[[ Source material, beginning ]]

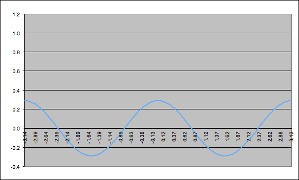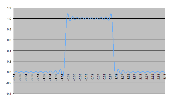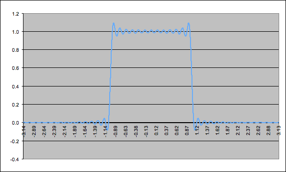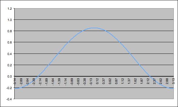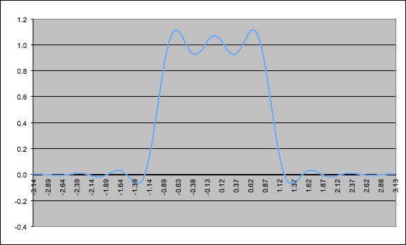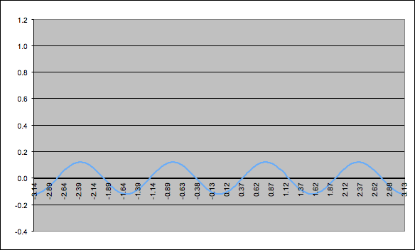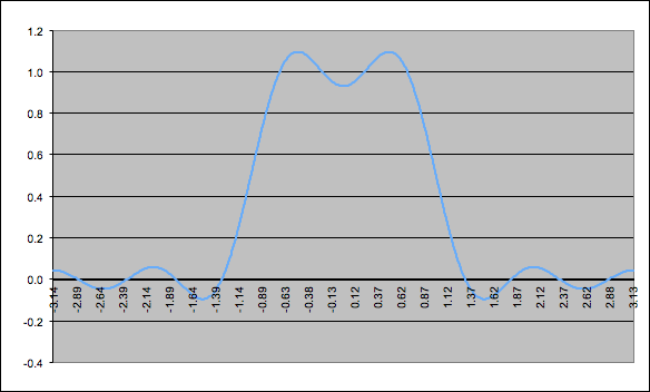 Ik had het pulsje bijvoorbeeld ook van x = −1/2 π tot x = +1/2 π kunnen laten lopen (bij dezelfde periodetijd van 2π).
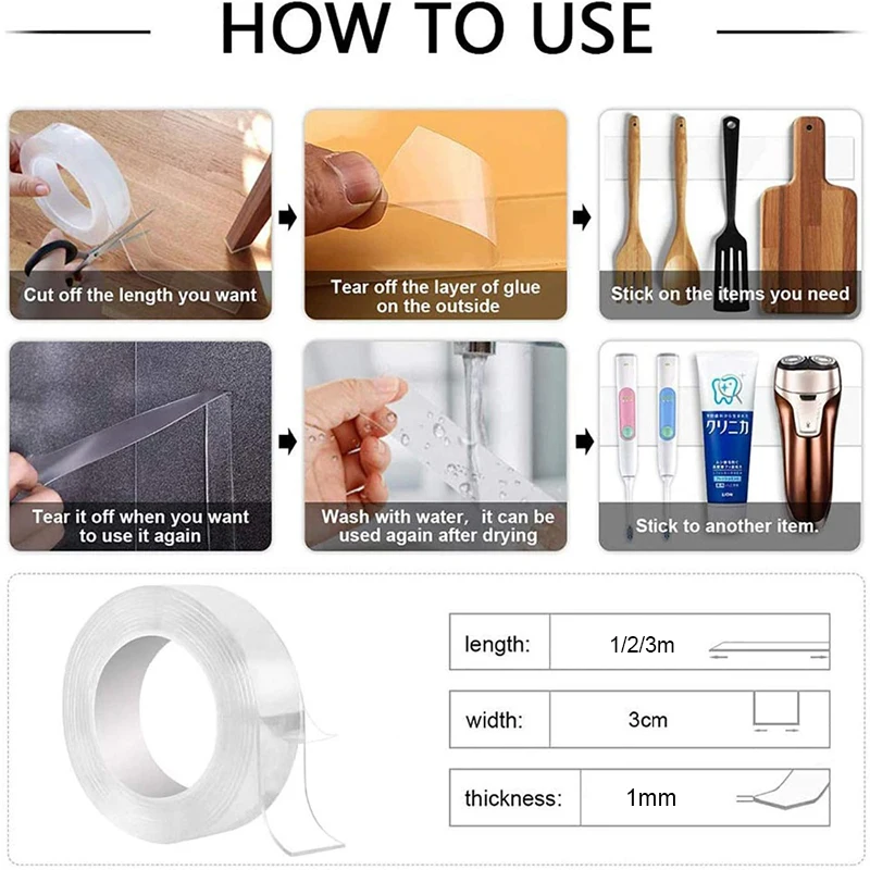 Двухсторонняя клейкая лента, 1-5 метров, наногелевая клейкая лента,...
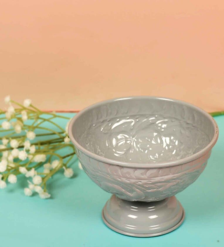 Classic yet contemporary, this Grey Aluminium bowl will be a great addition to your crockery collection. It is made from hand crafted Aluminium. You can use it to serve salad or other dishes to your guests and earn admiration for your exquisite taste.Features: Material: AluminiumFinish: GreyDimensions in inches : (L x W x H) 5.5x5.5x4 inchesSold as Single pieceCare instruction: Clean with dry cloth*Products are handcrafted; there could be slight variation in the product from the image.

[[ Source material, end ]]

**Your assignment:**
Starting at the first line of the material above and ending with the line that contains "Двухсторонняя клейкая лента, 1-5", reproduce every line exactly, and leave out the pictures.

**Solved exercise:**
 Ik had het pulsje bijvoorbeeld ook van x = −1/2 π tot x = +1/2 π kunnen laten lopen (bij dezelfde periodetijd van 2π).
 Двухсторонняя клейкая лента, 1-5 метров, наногелевая клейкая лента,...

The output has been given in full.